As much as we want our goal to be to do as much as we can for health at every layer, we have a long way to go before we are even adequately performing at the doctor-patient layer. If the strongest determinants of health truly are outside of the direct doctor-patient interaction, maybe it is more about replacing, as opposed to expanding, our current obligations.
Regarding the utilitarian comment from anonymous, he does use the example of helping to write the Colorado tobacco tax law and he stated that this will help (using data from other states that more expensive cigs lead to less people starting) more people than all of the patients he sees.
Alex, do you count this blog as your advocacy?
But primary individual focus does not obsolve the profesional field from the moral responsibility of providing care that improves the health of patients. I believe this professional responsibility includes the social determinants of heatlh.

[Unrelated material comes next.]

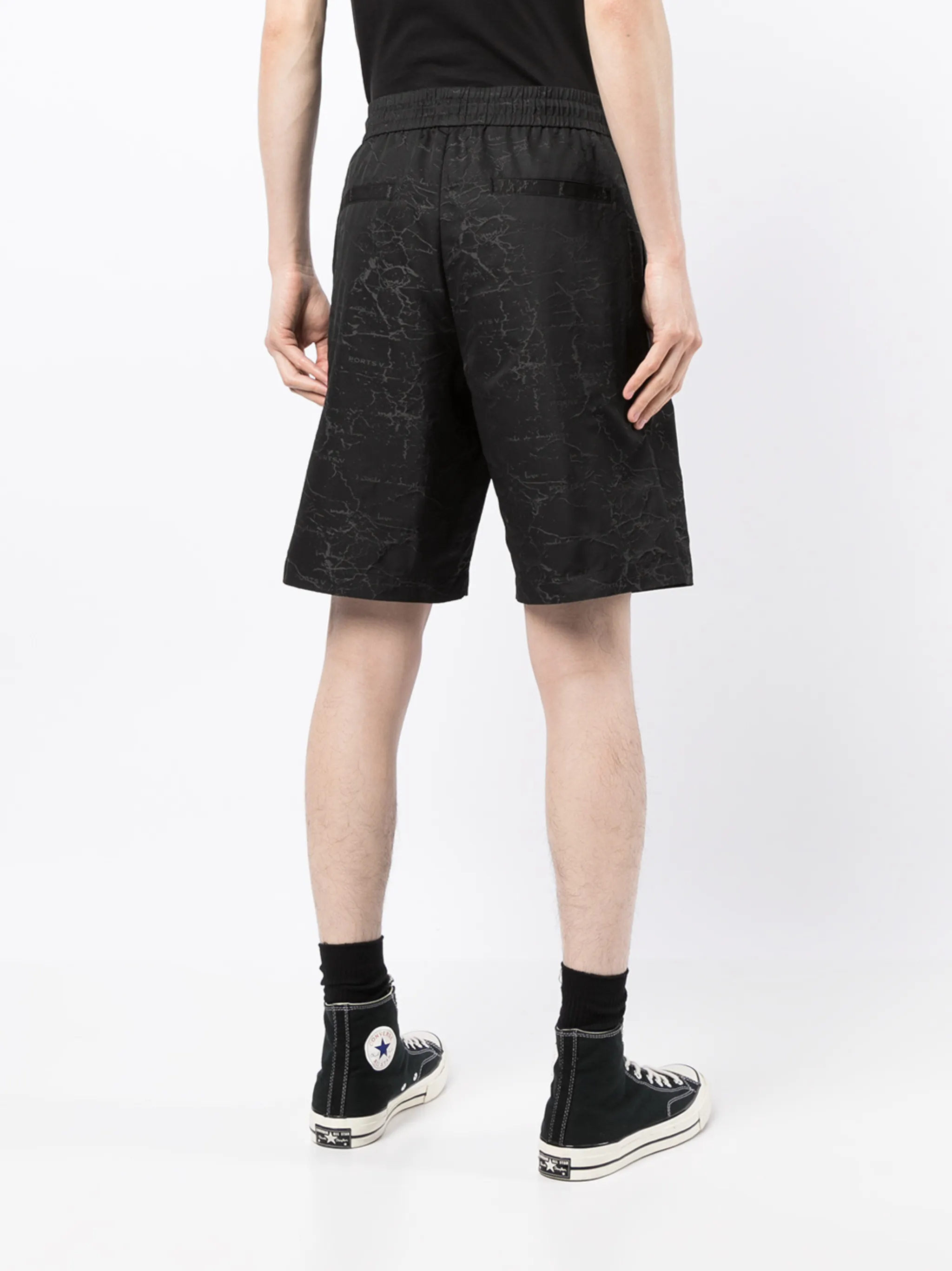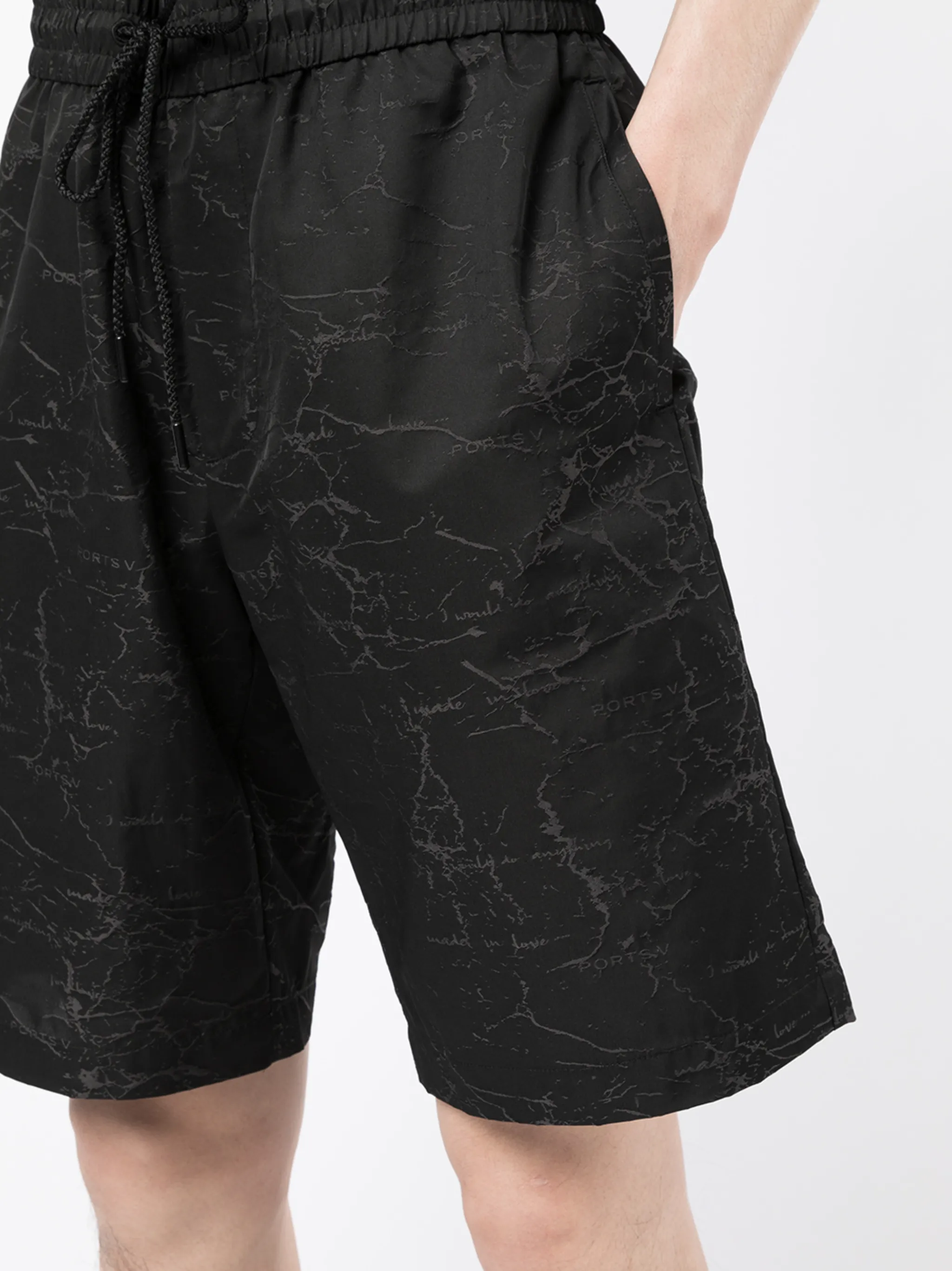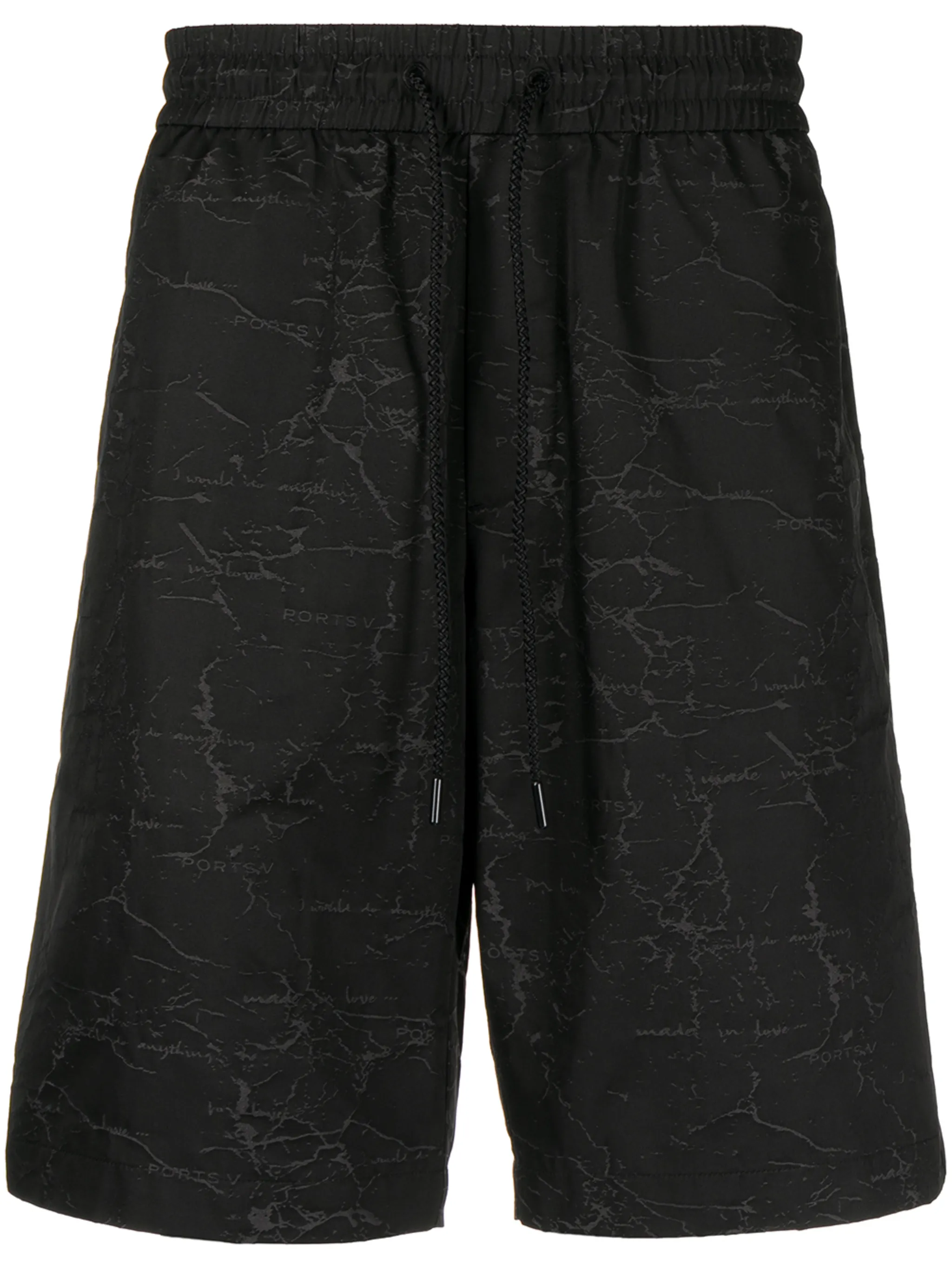 Сплошной принт с логотипом, эластичный пояс на шнурке, два прорезных кармана по бокам, длина по колено и два кармана с листочкой сзади. Цвет: черный.

Dan, thanks for your comments. You're right about trade-offs. As anon said, we should each play to our strengths, and individuals need to prioritize obligations outside of the profession - like family. I do count blogging at GeriPal as a contribution to toward my public role (as should you!)
Education is the key to empowerment. Remember when Iraq was liberated? Our physicians who served there asked for current medical books and journals because now there was freedom to learn and more than a small amount of eager learners! And those who have been to some of these places know that the people who live there never leave our hearts and minds as we enjoy our standard of living here in this great country.